Authors: Carl Hiaasen
Tags: #Fiction, #General, #Mystery & Detective, #Action & Adventure, #Humorous, #Suspense, #Florida, #Humorous Fiction, #Humorous Stories, #White Supremacy Movements, #Lottery Winners
So Demencio hadn’t been alarmed when his wife told him the Madonna was malfunctioning. Usually midweek was slow for business, a good time for an unscheduled dry day. But he’d forgotten about the damn mission bus: sixty-odd Christian pilgrims from Wheeling. The preacher’s name was Mooney or Moody, something like that, and every other year he roared through Florida with new recruits. Trish would bake a lime pie and Demencio would throw in a bottle of scotch, and in return the preacher would entreat his faithful followers to donate generously at Demencio’s shrine. For such a dependable throng, Demencio felt obliged to provide tears.

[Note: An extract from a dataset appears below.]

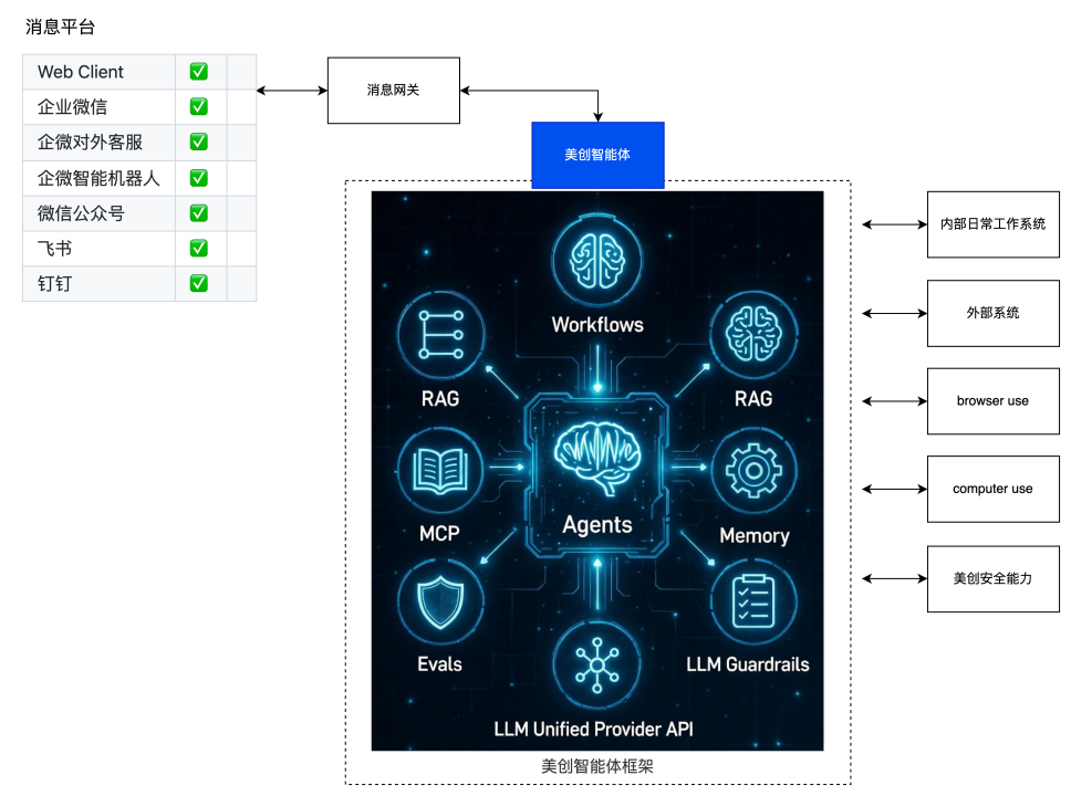 美创智能体框架不仅支持多种大模型统一调用,还实现了企业级安全、可控、可评估、可落地的完整闭环,是我们所有AI员工的“操作系统”与“数字神经网络”。
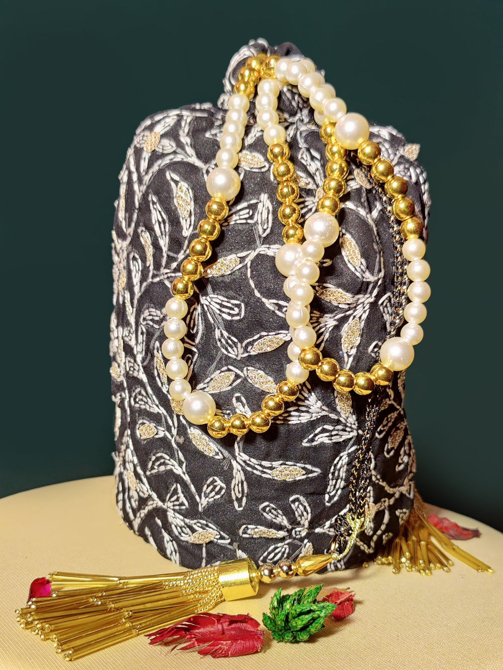 Fabric: Kota Length: 9.5 Inches Width: 8 Inches Color: Black Embroidery: Tepchi Embellishment: Gottapatti Work Thread Color: White & Pink Washing Instructions: Handwash Only

Thus the Madonna’s hydraulic failure was potentially a crisis. Demencio didn’t want to interrupt the morning visitation to haul the statue indoors for repairs—to do so would arouse suspicion, even among the most devout. Peering through the curtains, Demencio counted nine victims in the front yard, hovering attentively around the icon.
“Got any ideas?” Trish asked.
“Quiet,” said her husband. “Lemme think.”
But it wasn’t quiet. The sounds of crunching filled the room: JoLayne’s cooters, enjoying breakfast.
Demencio’s somber gaze settled on the aquarium. Instead of breaking the romaine into bite-sized pieces, he’d dropped the whole head of lettuce into the tank. The sight of it had pitched the baby turtles into a frenzy, and they were now chewing their way up the leafy slopes.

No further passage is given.